Task goal:
Provide again, from the entries below, every line from the one containing "So what does" through the one containing "答题技巧:固定两步走,先想自", exactly as written, and no other line.

Supplied data:
○ ○ ○ ○ ○ ○ ○

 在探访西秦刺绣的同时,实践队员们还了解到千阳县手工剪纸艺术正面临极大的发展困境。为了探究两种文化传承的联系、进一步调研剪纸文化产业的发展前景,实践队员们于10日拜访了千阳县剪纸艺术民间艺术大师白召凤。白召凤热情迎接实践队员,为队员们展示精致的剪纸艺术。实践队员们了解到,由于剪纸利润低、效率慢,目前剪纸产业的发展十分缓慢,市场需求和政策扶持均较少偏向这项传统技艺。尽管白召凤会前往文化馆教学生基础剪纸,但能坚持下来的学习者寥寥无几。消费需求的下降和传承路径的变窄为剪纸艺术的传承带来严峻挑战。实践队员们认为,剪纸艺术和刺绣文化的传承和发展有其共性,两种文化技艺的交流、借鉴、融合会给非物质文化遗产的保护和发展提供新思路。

○ ○ ○ ○ ○ ○ ○

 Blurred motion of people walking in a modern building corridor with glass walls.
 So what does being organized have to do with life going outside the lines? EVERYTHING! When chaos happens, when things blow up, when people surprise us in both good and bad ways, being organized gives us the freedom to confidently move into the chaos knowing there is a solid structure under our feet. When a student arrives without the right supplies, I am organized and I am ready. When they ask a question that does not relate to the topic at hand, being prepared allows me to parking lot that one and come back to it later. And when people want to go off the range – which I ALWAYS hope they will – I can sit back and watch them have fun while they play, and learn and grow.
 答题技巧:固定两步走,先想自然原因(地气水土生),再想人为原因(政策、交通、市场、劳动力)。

○ ○ ○ ○ ○ ○ ○

Response to the exercise:
 So what does being organized have to do with life going outside the lines? EVERYTHING! When chaos happens, when things blow up, when people surprise us in both good and bad ways, being organized gives us the freedom to confidently move into the chaos knowing there is a solid structure under our feet. When a student arrives without the right supplies, I am organized and I am ready. When they ask a question that does not relate to the topic at hand, being prepared allows me to parking lot that one and come back to it later. And when people want to go off the range – which I ALWAYS hope they will – I can sit back and watch them have fun while they play, and learn and grow.
 答题技巧:固定两步走,先想自然原因(地气水土生),再想人为原因(政策、交通、市场、劳动力)。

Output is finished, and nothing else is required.